The Effect of Collision Angle on the Collision and Adhesion Behavior of Coal Particles and Bubbles

Abstract

The collision and adhesion behavior of particles and bubbles is the key to flotation. Many scholars have investigated the collision and adhesion law of regularly shaped and homogeneous particles (glass beads, glass fiber), but the particles in flotation cells are irregular and heterogeneous. Therefore, it is necessary to take actual coal samples as the research object. First, based on previous research, a particle–bubble collision and adhesion behavior measurement device was set up to study free falling coal particles with different surface properties colliding and adhering to a bubble (db = 1.0 mm).
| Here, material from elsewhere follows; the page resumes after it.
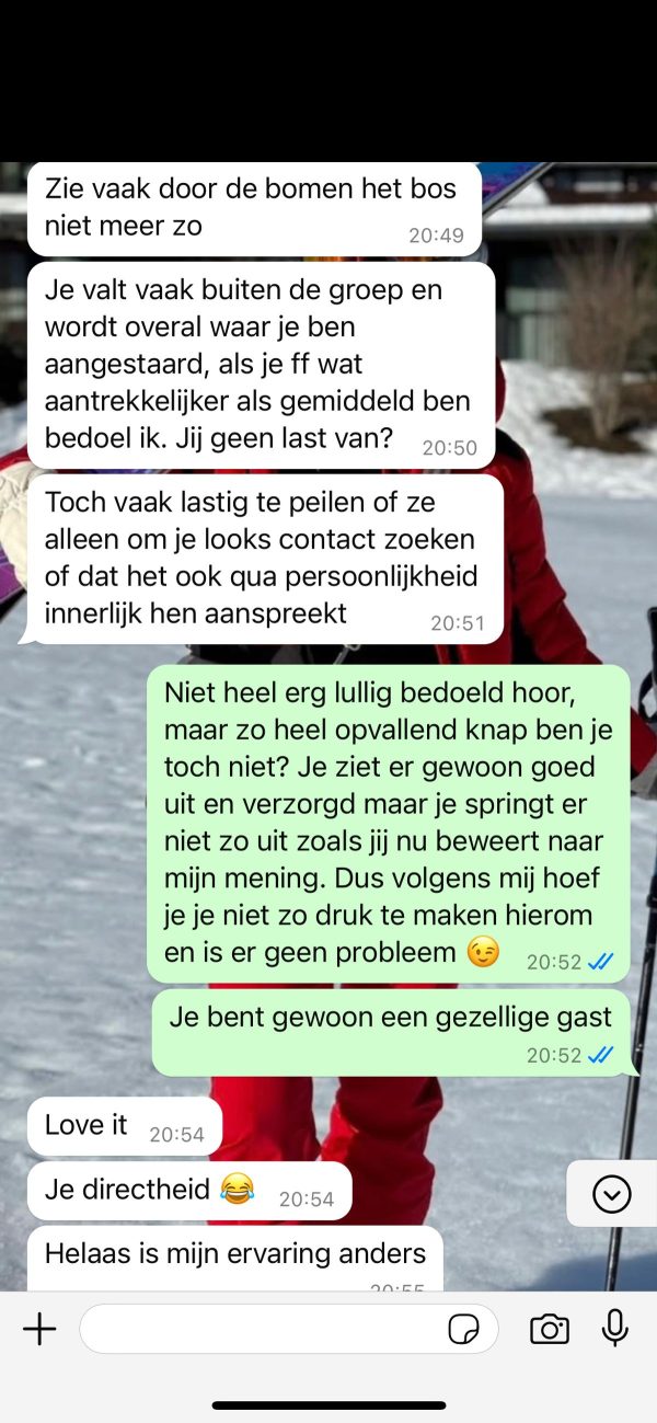 Met elke glimlach die hem wordt gegeven, voelt hij zich ongemakkelijker. “Misschien zou het beter zijn als ik gewoon een beetje minder knap was,” denkt hij bij zichzelf. Het is een vreemd verzoek, maar in zijn ogen is het de enige manier om wat rust te krijgen.
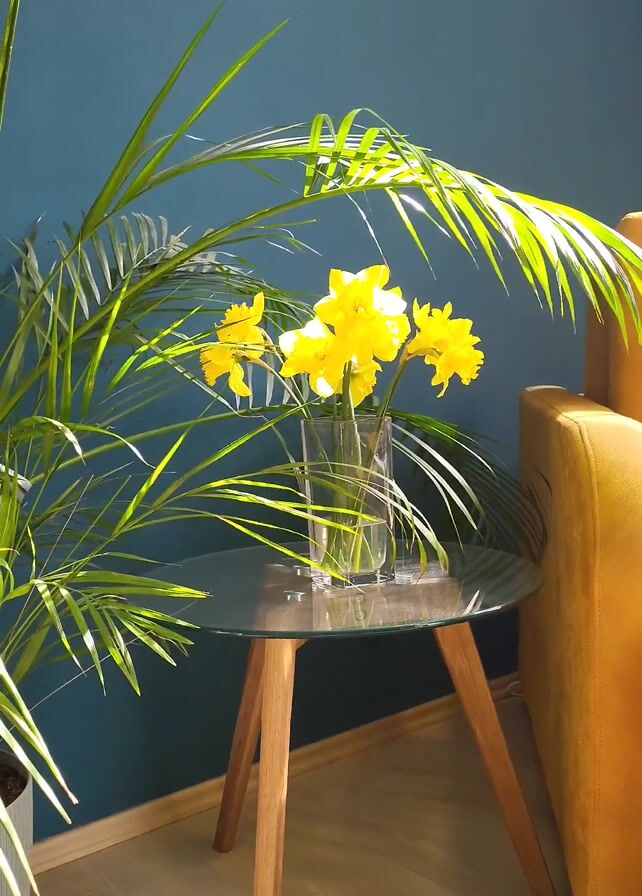 The shot is of a small glass table with a vase of yellow daffodils, positioned between a potted palm and a mustard-colored couch. The table has a clear round top and four light wooden legs. The daffodils are in a simple, clear glass vase. The palm plant has long, thin green fronds. The couch is a mustard-yellow color and appears to be made of a soft material. A deep teal wall provides the backdrop. Sunlight streams into the scene, highlighting the palm and the daffodils. The camera slowly pans upwards, revealing a light-colored wooden cabinet above the wall. An orange tablet is also visible.

Then bituminous coal from Inner Mongolia was taken as the test object, and the collision and adhesion process of a large amount of coal particles was traced. The entire process is photographically recorded by a camera and analyzed frame by frame through a self-designed software. Finally, the relationship between collision angle and initial settlement position (initial), particle velocity (process), and adhesion efficiency (result) was studied by taking the collision angle as the cut-in point. It was found that both the distribution range of the initial settlement position and the particle central distribution interval are expanding outward with the increase of collision angle. The resistance layer has an important influence on the velocity of particles. The collision angle had an effect on adhesion efficiency and the adhesion efficiency of low-density particles was higher than that of high-density particles.